Five years ago Dr Pieter Sauer, now head of paediatrics at the University Medical Centre Groningen in the Netherlands, agreed to the mercy killing of a baby boy born at the hospital with EB. The infant was in constant pain but, because his skin was so tender, his parents could not touch or lift him to offer comfort because even the most gentle contact increased the agony. They could only watch helplessly as their baby, covered from head to toe in layers of bandages, suffered. They appealed to Sauer for help and the child died at three months old.

Sauer insists the killing offered relief to the infant, his parents and hospital staff. “The parents came to me and said, ‘Please help us because this is suffering without any purpose. In no way is this in the interests of this child’,” he said.

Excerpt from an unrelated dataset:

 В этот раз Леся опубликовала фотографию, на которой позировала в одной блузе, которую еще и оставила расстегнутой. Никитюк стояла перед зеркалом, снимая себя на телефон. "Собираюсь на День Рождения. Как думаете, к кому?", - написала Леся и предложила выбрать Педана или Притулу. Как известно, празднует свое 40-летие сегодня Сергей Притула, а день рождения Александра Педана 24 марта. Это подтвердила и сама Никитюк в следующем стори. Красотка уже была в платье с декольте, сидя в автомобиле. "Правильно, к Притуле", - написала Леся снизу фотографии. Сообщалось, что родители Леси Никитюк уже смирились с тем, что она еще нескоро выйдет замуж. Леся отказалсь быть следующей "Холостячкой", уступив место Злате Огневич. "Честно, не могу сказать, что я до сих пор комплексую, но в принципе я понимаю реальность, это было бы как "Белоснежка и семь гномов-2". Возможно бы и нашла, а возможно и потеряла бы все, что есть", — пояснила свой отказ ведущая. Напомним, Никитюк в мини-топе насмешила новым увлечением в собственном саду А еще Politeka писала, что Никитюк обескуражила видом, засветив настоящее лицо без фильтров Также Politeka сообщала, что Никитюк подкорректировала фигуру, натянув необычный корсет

Every day in hospitals across Britain doctors and parents are faced with fraught decisions about how far they should go to keep alive severely disabled babies. At the moment medics can offer high-tech intensive care or, if everyone agrees that it is pointless to give the infant invasive treatment that would be unlikely to succeed, the baby is fed and kept warm but allowed to pass away in their own time.

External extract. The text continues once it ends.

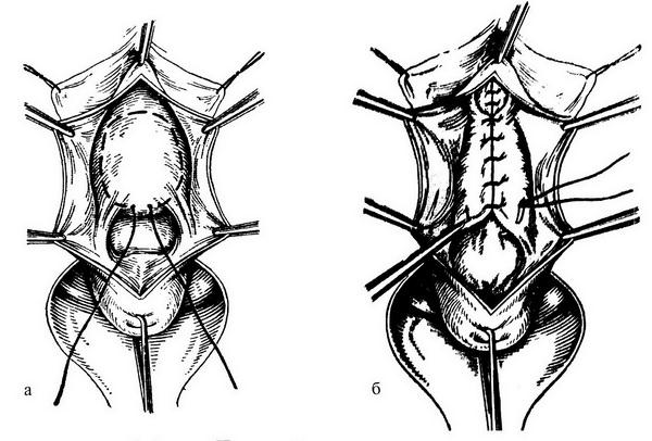 3. Манчестерская операция – рекомендуется при опущении и неполном выпадении матки, особенно при удлинении ее шейки и наличии цистоцеле. Операция направлена на укрепление фиксирующего аппарата матки – кардинальных связок за счет сшивания их между собой, транспозиции.

While raising the issue of euthanasia of newborns, the Royal College of Obstetricians and Gynaecologists has stopped short of specifying the level of disability which would justify it.

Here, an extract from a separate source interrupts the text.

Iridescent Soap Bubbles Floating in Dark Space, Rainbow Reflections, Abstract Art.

However, the case of Charlotte Wyatt, the severely handicapped infant whose parents fought a series of lengthy court battles to stop doctors letting her die, crystallises many of the dilemmas.

Portsmouth Hospitals NHS Trust, which runs St Mary’s hospital where Charlotte is a patient, won a High Court ruling, against her parents’ wishes, to allow doctors not to resuscitate her. Doctors told the court that ventilating Charlotte, who was born at 26 weeks, would be “purposeless and intolerable to her”. They also said that Charlotte was in constant pain and would be unable to have any quality of life (although an independent medical report later disputed this), and that she was unlikely to make it through the winter of 2004.

Charlotte has defied the predictions and, at the age of three, is well enough to leave hospital. However, the burden of caring for her played a part in the break-up of her parents’ marriage and she will not be able to leave hospital until a foster family is found for her.

Advanced medical treatment means that babies born after only 23 weeks can be saved but doctors point out that many live with severe disabilities, creating a lifelong burden for their parents and considerable costs to the taxpayer. A study, EPICure, led by researchers at Nottingham University, found that by the age of six, only 20% had no disabilities.

The cost of treating very premature babies is high. A neonatal intensive care bed costs about ?1,000 a day and exctremely premature babies can require intensive care for four months.